** Data shown follows **
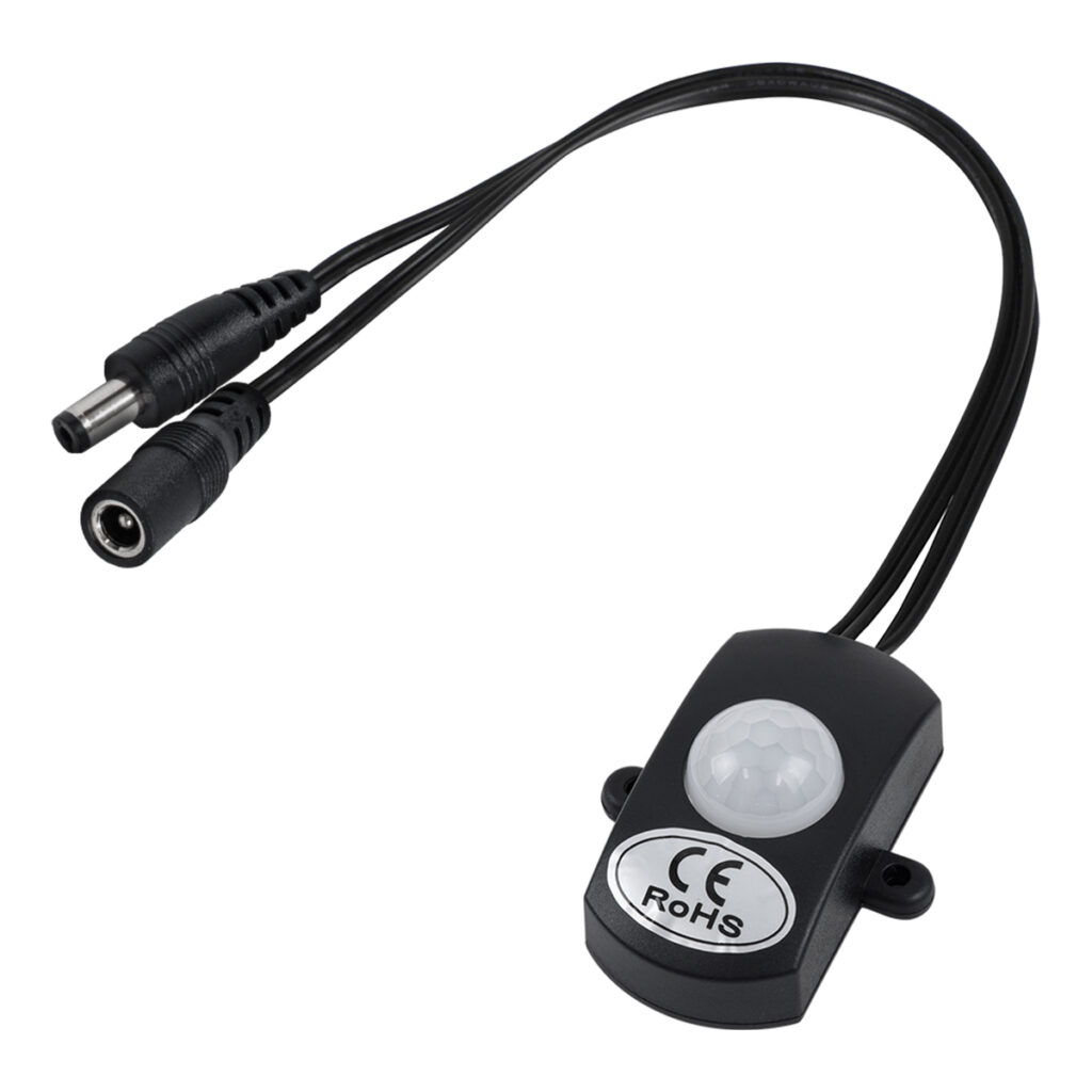 GloboStar® 70693 Mini Αισθητήρας Modular με Καλώδιο In-Out 5.5*2.1 & PIR Ανιχνευτή-Αισθητήρα Κίνησης 360° 3m Motion Sensor 30 sec Delay DC 12-24V Max 144W Μ30 x Π4 x Υ2.3cm
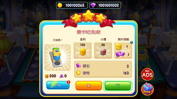 5、尽力赚取硬币和钻石,升级厨房设备。
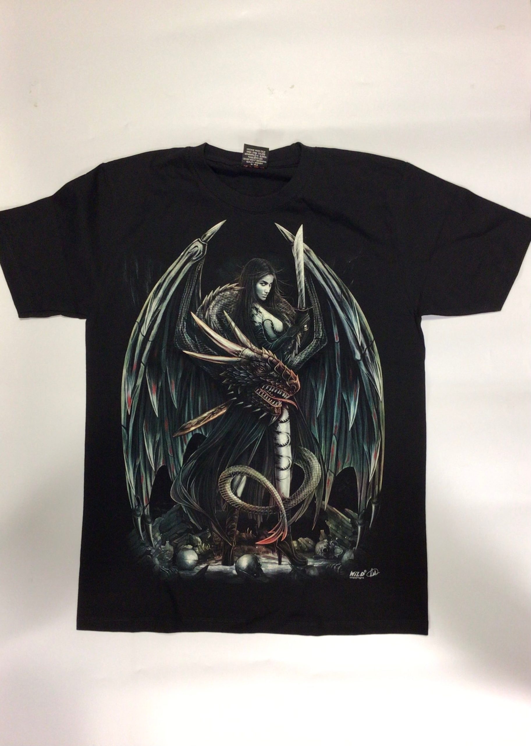 Gothic Designs Dragon Lady Sword Warrior Dragon Companion Adventure Gothic T-shirt (Double Sided)
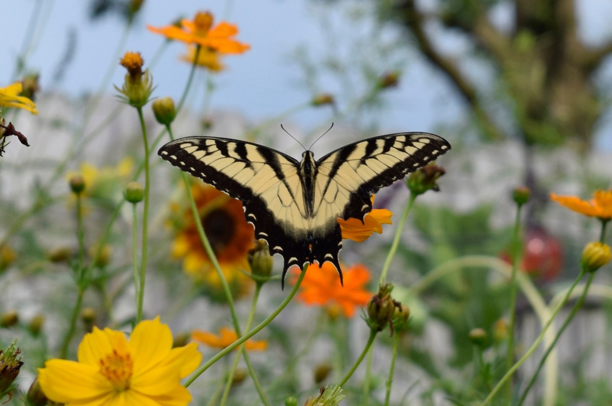 This Eastern Tiger Swallowtail pauses to feed on Cosmos, “Bright Lights”.
** End of Data shown **
## Your task
Write the full listing out again with every line unchanged, but include no pictures.

## Reply to the exercise
 GloboStar® 70693 Mini Αισθητήρας Modular με Καλώδιο In-Out 5.5*2.1 & PIR Ανιχνευτή-Αισθητήρα Κίνησης 360° 3m Motion Sensor 30 sec Delay DC 12-24V Max 144W Μ30 x Π4 x Υ2.3cm
 5、尽力赚取硬币和钻石,升级厨房设备。
 Gothic Designs Dragon Lady Sword Warrior Dragon Companion Adventure Gothic T-shirt (Double Sided)
 This Eastern Tiger Swallowtail pauses to feed on Cosmos, “Bright Lights”.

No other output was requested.